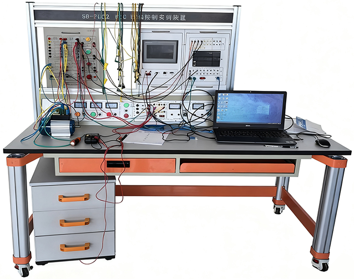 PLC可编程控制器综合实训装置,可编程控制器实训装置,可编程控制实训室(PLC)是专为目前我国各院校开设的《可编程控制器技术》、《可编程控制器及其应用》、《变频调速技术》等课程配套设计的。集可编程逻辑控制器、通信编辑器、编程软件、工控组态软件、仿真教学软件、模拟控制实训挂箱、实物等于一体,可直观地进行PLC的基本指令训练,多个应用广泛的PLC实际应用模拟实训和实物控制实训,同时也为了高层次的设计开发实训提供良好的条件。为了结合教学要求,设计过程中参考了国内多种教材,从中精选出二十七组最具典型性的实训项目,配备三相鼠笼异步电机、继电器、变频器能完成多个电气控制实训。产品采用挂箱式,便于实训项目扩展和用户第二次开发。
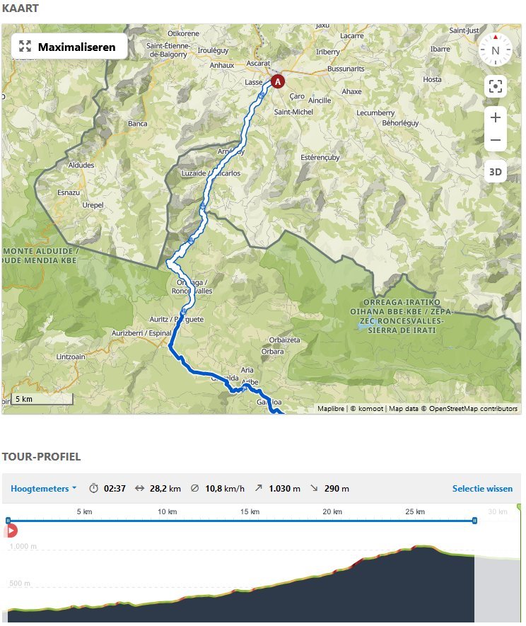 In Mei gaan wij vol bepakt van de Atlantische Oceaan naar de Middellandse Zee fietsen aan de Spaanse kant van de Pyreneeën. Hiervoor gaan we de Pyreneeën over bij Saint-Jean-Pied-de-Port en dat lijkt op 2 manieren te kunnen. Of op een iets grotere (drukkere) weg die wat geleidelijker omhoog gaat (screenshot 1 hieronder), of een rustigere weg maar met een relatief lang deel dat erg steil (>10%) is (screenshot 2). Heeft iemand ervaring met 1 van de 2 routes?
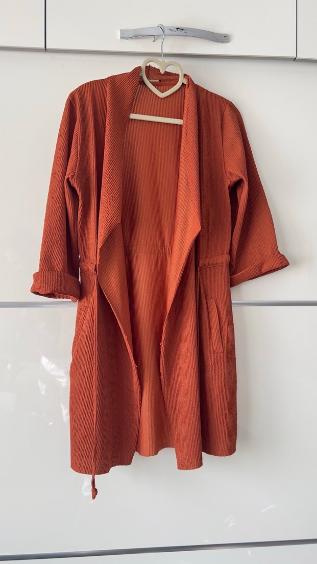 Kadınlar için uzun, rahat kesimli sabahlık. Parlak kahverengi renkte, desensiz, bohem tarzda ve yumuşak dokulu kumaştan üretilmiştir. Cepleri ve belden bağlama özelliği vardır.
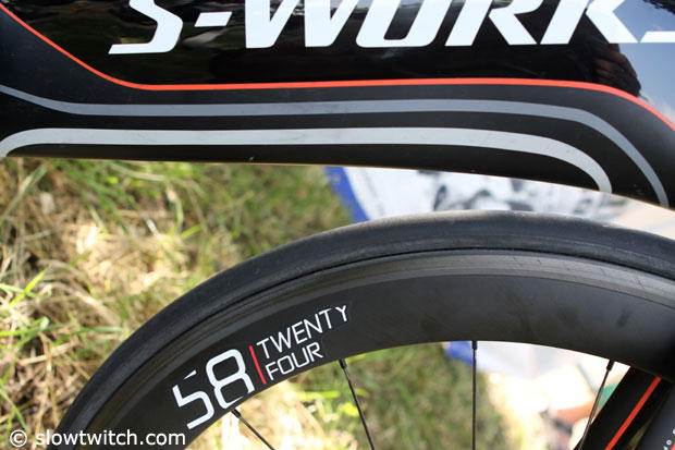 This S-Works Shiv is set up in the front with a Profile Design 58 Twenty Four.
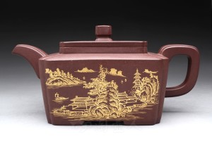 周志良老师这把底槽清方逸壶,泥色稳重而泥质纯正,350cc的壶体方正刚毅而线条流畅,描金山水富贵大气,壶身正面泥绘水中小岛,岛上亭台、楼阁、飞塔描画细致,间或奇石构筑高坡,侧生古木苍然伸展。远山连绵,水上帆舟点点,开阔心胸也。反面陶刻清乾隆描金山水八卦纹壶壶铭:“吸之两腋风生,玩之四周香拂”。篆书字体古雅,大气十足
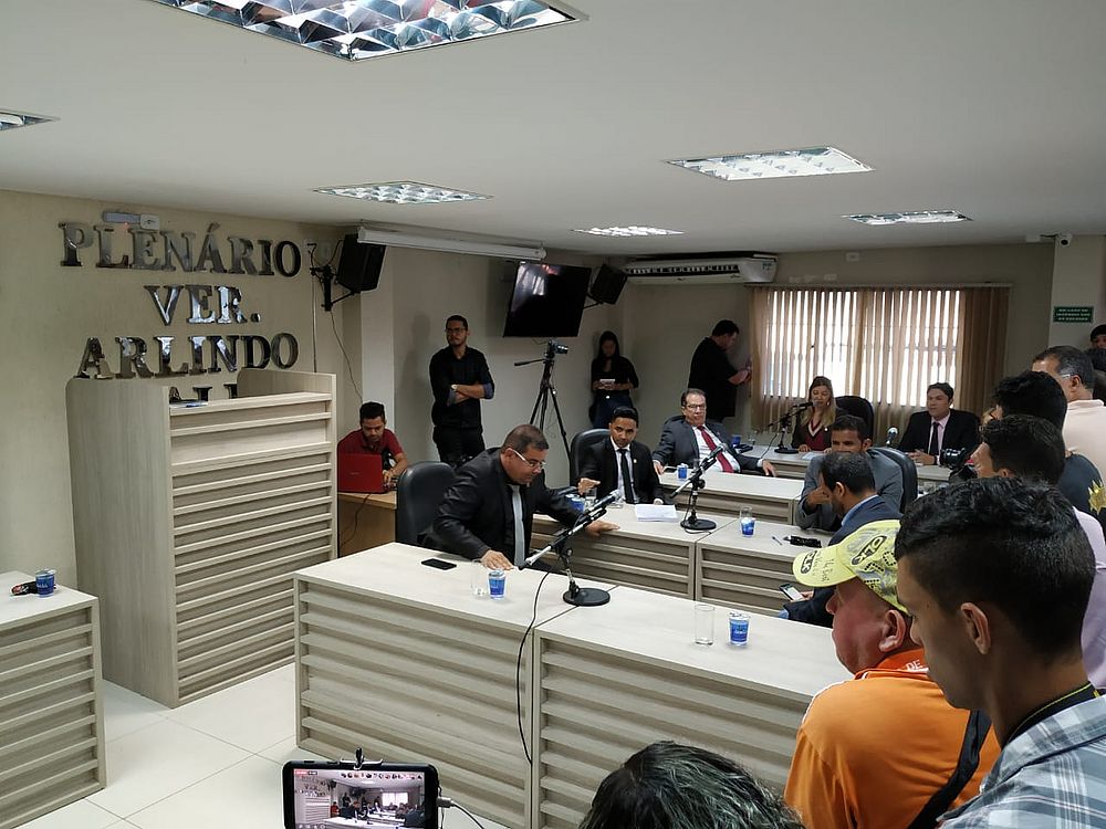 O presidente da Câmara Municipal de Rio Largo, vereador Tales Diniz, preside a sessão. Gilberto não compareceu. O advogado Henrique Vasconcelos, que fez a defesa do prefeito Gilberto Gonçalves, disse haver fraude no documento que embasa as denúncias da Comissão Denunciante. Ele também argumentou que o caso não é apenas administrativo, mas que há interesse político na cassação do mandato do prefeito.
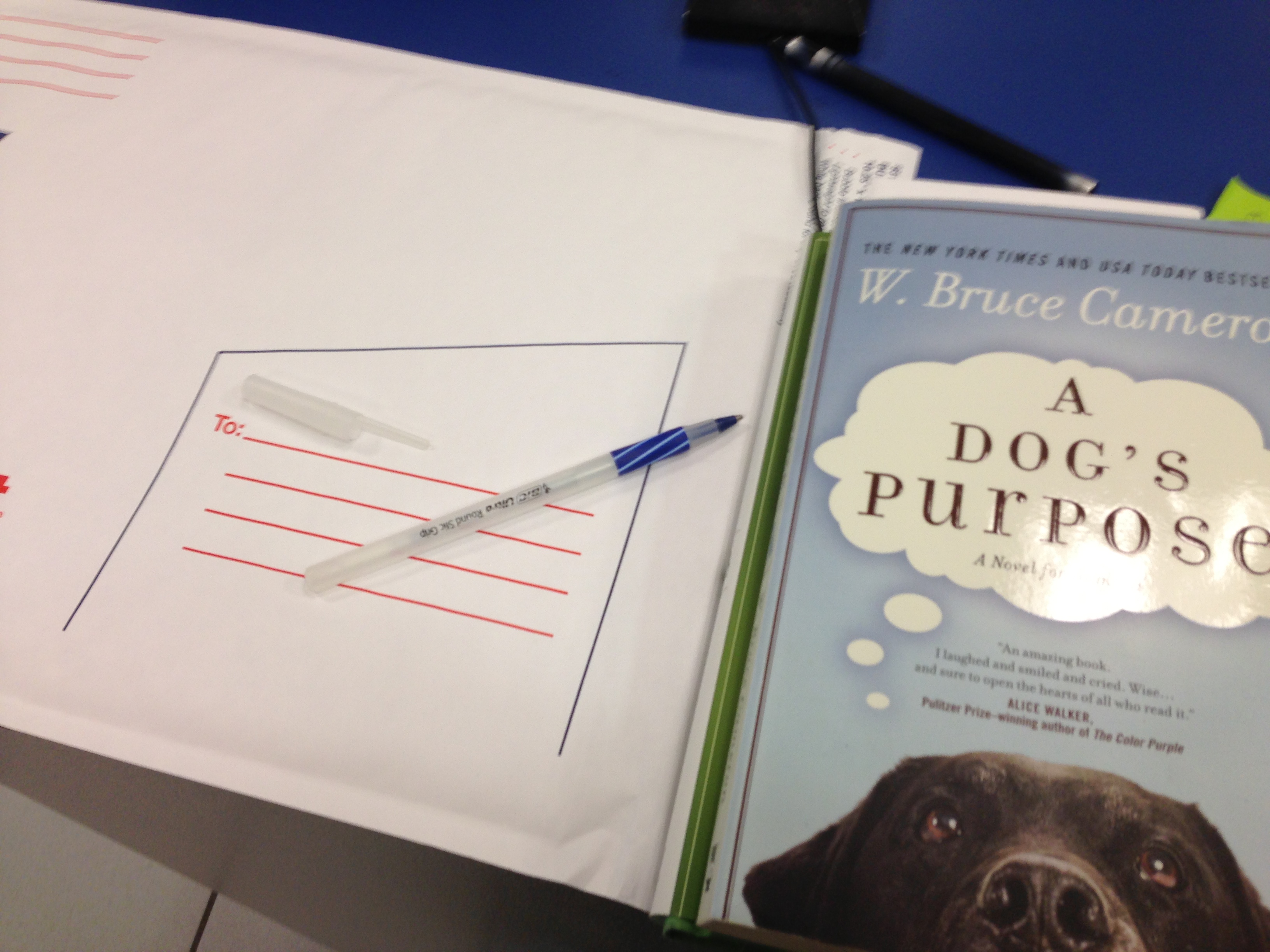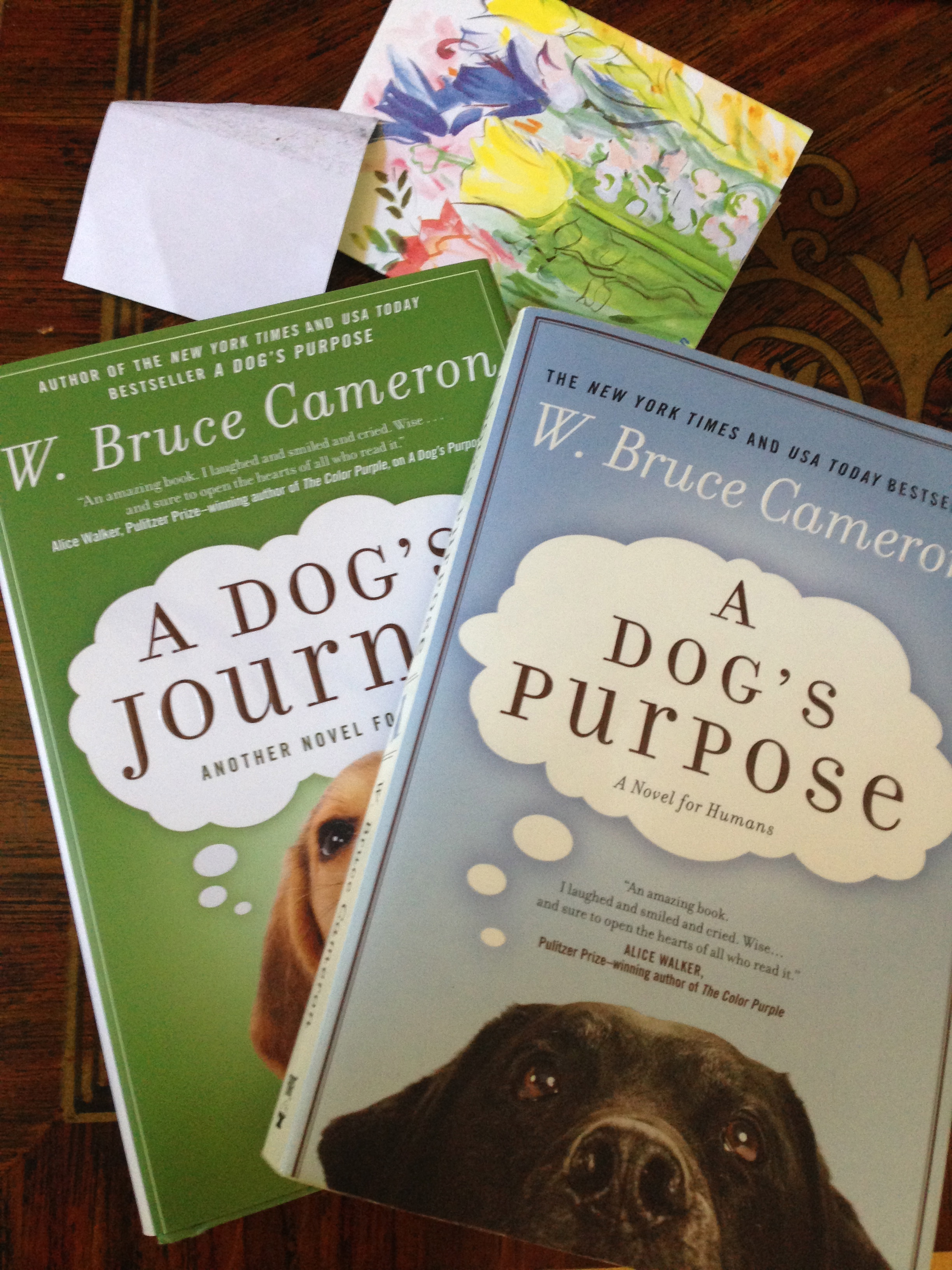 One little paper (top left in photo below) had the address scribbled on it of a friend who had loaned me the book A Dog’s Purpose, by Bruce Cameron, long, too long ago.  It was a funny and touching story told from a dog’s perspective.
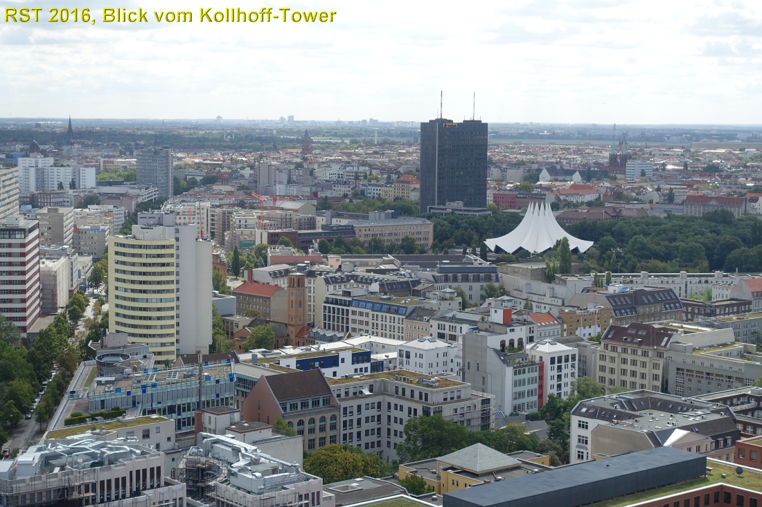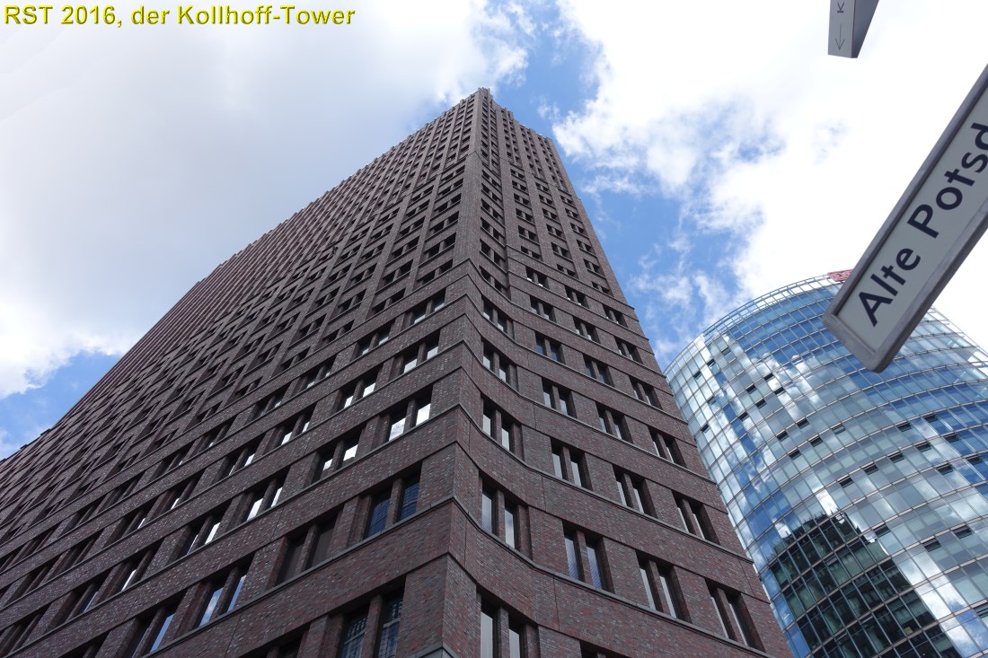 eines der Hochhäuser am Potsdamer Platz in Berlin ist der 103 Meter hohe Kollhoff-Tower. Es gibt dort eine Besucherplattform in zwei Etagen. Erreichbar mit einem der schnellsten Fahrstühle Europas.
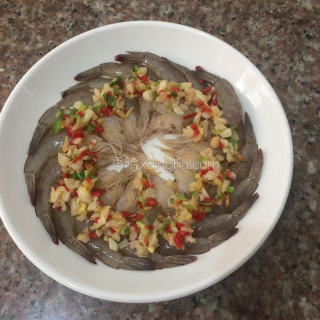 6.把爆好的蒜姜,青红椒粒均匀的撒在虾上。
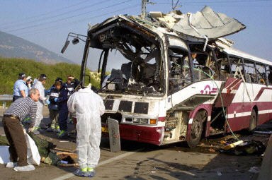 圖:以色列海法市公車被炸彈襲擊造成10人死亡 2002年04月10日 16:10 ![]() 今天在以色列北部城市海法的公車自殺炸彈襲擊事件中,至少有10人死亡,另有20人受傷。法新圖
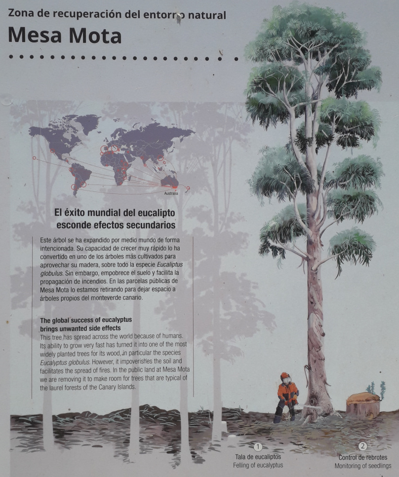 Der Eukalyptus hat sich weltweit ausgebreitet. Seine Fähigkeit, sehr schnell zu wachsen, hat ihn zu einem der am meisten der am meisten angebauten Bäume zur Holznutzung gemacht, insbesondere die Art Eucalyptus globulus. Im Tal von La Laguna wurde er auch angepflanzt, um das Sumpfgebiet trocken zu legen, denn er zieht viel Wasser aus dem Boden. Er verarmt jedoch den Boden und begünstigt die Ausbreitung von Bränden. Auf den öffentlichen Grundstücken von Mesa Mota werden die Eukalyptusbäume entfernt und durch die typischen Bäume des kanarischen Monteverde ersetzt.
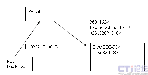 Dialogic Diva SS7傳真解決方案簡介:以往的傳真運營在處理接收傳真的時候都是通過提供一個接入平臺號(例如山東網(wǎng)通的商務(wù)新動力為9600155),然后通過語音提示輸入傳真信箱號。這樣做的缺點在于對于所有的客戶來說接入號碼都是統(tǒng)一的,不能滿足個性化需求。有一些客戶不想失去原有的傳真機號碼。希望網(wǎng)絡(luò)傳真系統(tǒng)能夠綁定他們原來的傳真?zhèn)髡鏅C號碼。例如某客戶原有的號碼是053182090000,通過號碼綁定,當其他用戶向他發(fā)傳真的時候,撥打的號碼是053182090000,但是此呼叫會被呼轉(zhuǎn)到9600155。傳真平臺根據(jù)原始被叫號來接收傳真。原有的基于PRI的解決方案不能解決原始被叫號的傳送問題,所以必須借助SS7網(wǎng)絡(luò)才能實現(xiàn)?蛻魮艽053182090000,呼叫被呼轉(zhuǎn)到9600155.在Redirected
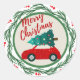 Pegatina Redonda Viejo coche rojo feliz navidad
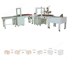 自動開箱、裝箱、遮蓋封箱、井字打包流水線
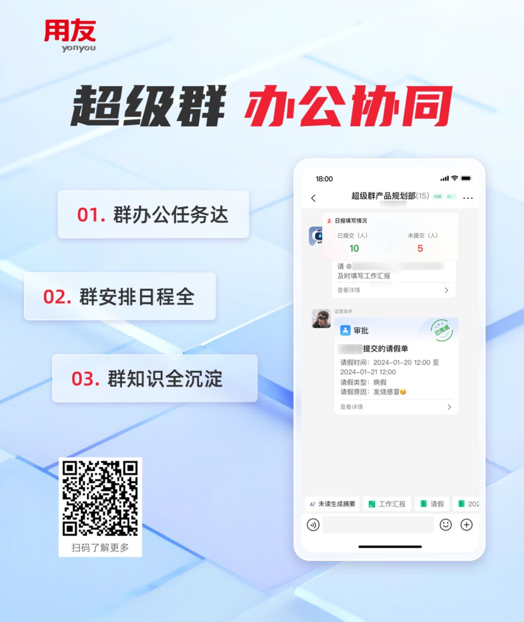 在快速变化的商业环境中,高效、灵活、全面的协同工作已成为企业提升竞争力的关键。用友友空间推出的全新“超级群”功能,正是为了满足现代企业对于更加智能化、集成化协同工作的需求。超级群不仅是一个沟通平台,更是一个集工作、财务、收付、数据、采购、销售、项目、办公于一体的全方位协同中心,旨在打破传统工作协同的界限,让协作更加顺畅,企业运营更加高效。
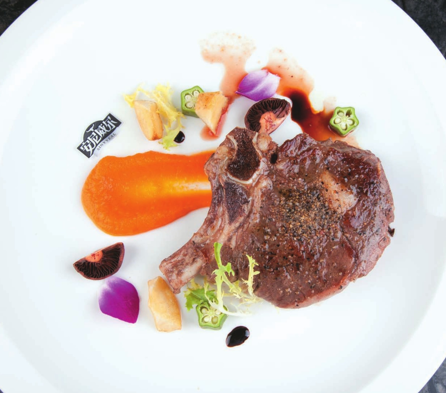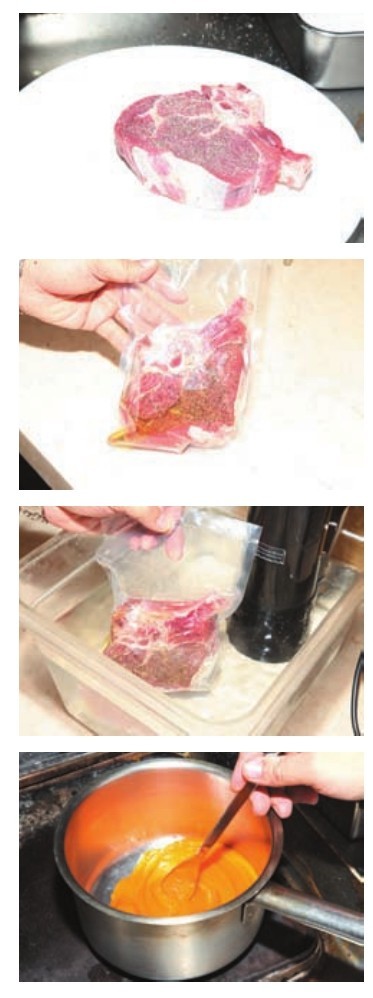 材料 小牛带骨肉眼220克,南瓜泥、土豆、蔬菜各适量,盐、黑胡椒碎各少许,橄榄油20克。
--
In the listing above, transcribe exactly the lines from the line containing "One little paper" through the last one, both included, but not the pictures.

 One little paper (top left in photo below) had the address scribbled on it of a friend who had loaned me the book A Dog’s Purpose, by Bruce Cameron, long, too long ago.  It was a funny and touching story told from a dog’s perspective.
 eines der Hochhäuser am Potsdamer Platz in Berlin ist der 103 Meter hohe Kollhoff-Tower. Es gibt dort eine Besucherplattform in zwei Etagen. Erreichbar mit einem der schnellsten Fahrstühle Europas.
 6.把爆好的蒜姜,青红椒粒均匀的撒在虾上。
 圖:以色列海法市公車被炸彈襲擊造成10人死亡 2002年04月10日 16:10 ![]() 今天在以色列北部城市海法的公車自殺炸彈襲擊事件中,至少有10人死亡,另有20人受傷。法新圖
 Der Eukalyptus hat sich weltweit ausgebreitet. Seine Fähigkeit, sehr schnell zu wachsen, hat ihn zu einem der am meisten der am meisten angebauten Bäume zur Holznutzung gemacht, insbesondere die Art Eucalyptus globulus. Im Tal von La Laguna wurde er auch angepflanzt, um das Sumpfgebiet trocken zu legen, denn er zieht viel Wasser aus dem Boden. Er verarmt jedoch den Boden und begünstigt die Ausbreitung von Bränden. Auf den öffentlichen Grundstücken von Mesa Mota werden die Eukalyptusbäume entfernt und durch die typischen Bäume des kanarischen Monteverde ersetzt.
 Dialogic Diva SS7傳真解決方案簡介:以往的傳真運營在處理接收傳真的時候都是通過提供一個接入平臺號(例如山東網(wǎng)通的商務(wù)新動力為9600155),然后通過語音提示輸入傳真信箱號。這樣做的缺點在于對于所有的客戶來說接入號碼都是統(tǒng)一的,不能滿足個性化需求。有一些客戶不想失去原有的傳真機號碼。希望網(wǎng)絡(luò)傳真系統(tǒng)能夠綁定他們原來的傳真?zhèn)髡鏅C號碼。例如某客戶原有的號碼是053182090000,通過號碼綁定,當其他用戶向他發(fā)傳真的時候,撥打的號碼是053182090000,但是此呼叫會被呼轉(zhuǎn)到9600155。傳真平臺根據(jù)原始被叫號來接收傳真。原有的基于PRI的解決方案不能解決原始被叫號的傳送問題,所以必須借助SS7網(wǎng)絡(luò)才能實現(xiàn)?蛻魮艽053182090000,呼叫被呼轉(zhuǎn)到9600155.在Redirected
 Pegatina Redonda Viejo coche rojo feliz navidad
 自動開箱、裝箱、遮蓋封箱、井字打包流水線
 在快速变化的商业环境中,高效、灵活、全面的协同工作已成为企业提升竞争力的关键。用友友空间推出的全新“超级群”功能,正是为了满足现代企业对于更加智能化、集成化协同工作的需求。超级群不仅是一个沟通平台,更是一个集工作、财务、收付、数据、采购、销售、项目、办公于一体的全方位协同中心,旨在打破传统工作协同的界限,让协作更加顺畅,企业运营更加高效。
 材料 小牛带骨肉眼220克,南瓜泥、土豆、蔬菜各适量,盐、黑胡椒碎各少许,橄榄油20克。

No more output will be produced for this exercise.